November 18, 2022

Trucking industry should bear its full costs; further subsidies for trucking is bad policy

Pictured: a row of trucks prime movers. Photo credit: Dale Staton from Unsplash.

Australia isn’t getting the best deal from its trucking industry. Trucking is heavily subsidised, it is polluting, and it is dangerous – many Australians are killed and injured in heavy truck accidents each year.

We don’t think it’s good policy to give yet more subsidies to this industry at the further expense of all other Australians.

But that’s exactly what trucking industry executives, shippers (who hire trucking services), and their representatives want – more of other people’s money.

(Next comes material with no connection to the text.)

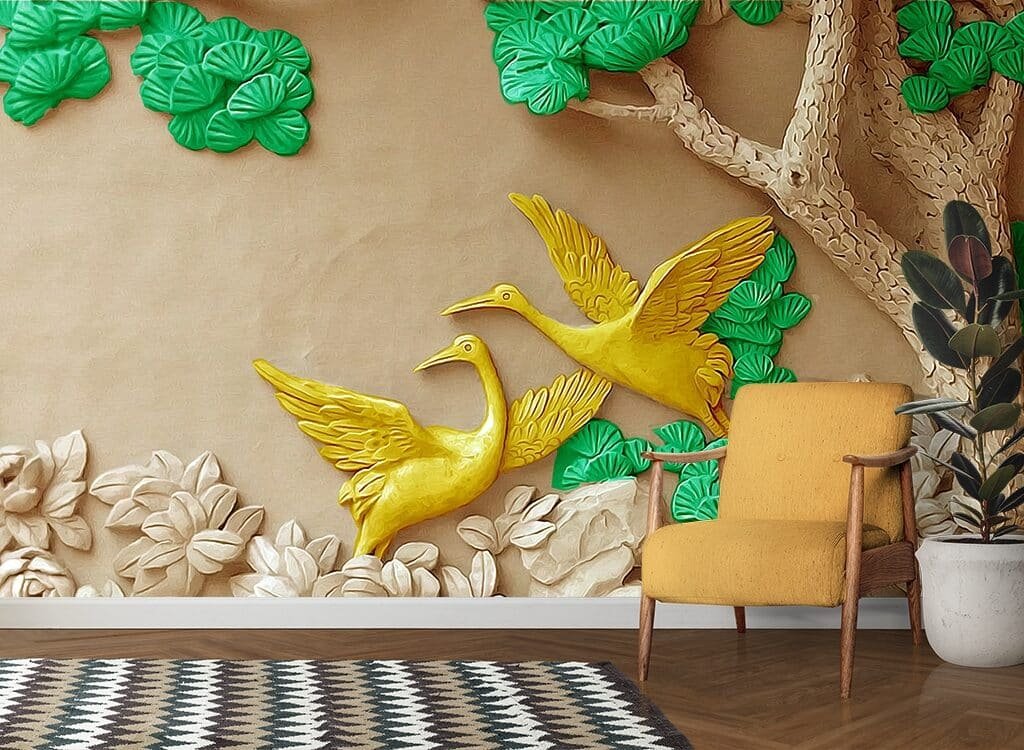 A wall with birds and flowers 3D wallpaper for wall

Dealing with unavoidable costs

It has often been said that all businesses face a dilemma of how to deal with unavoidable costs such as rent, infrastructure, labour and power. Those same businesses are then forced to either absorb costs or pass them on to their commercial clients.

Shipping Australia agrees completely with this sentiment: accordingly, trucking companies should be required to either absorb operating costs, such as paying Terminal Access Charges as levied by marine terminal operators, or pass these on to their commercial client (freight forwarders, shippers and consignors).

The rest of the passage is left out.